神祭改宗が進むにつれて神葬祭の在り方の確立を急がねばならなかった。そのため明治三年(一八七〇)九月二九日には一村一人宛の神葬祭世話役が選出されるようになっているが、その世話役の仕事・任務等については明らかでない。しかし神葬祭進行と共に新しい神式の啓蒙を果していったことは明らかである。
明治四年(一八七一)二月には神葬についての心得を布達しその中で墓所を清浄にし春秋の祭りを行うように指示し、若し心得違いのものがあるときは処分までするとの厳しいものであった。そして同年三月には神拝の作法まで布告している。このように廃寺・廃仏によって神社・神式がこれにかわり整備されていった。
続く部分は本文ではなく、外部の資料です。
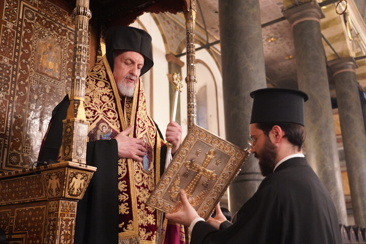 Ο Παναγιώτατος προσφώνησε εγκαρδίως τον Μακαριώτατο, ο οποίος αντιφώνησε το ίδιο θερμά.
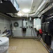 Современная бойлерная: бойлер косвенного нагрева на 300 л с умной системой подмеса (до 500 л тёплой воды), резервный электрический ТЭН 7 кВт, фильтры грубой и тонкой очистки, система умягчения на 20 м³, УФ-обеззараживание воды. Насос Grundfos Scala 2 — тихий, экономичный, с плавным пуском. Всего в системе — 10 насосов для котла, бойлера, подогрева воздуха, радиаторов и полов.
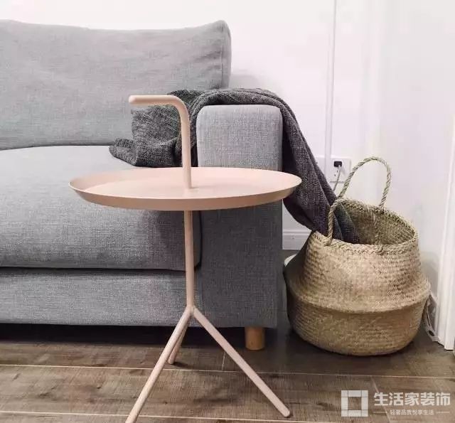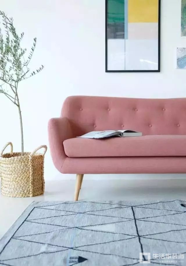 小粉的沙发使用木质的支撑腿可以融化你的心,配上灰色的地毯,默契度十足。

しかし、藩主の力でも取締れないものに一所不住の虚無僧の問題があった。この虚無僧については従来何れの藩内でも取締りに頭をいため、従って本山に取締りのため毎年金を贈っていた。しかし藩内一同仏教を廃止してしまったので、以後普化僧の取締りのことは本山へ断る。但し管内の通行・宿泊は差支えないが、万一普化その他不法なことをした時は召捕え、法に照して処分する旨弁官へ届け出て承認を得ている。結局虚無僧対策はこの程度の取締りに止まるほかなかったようである。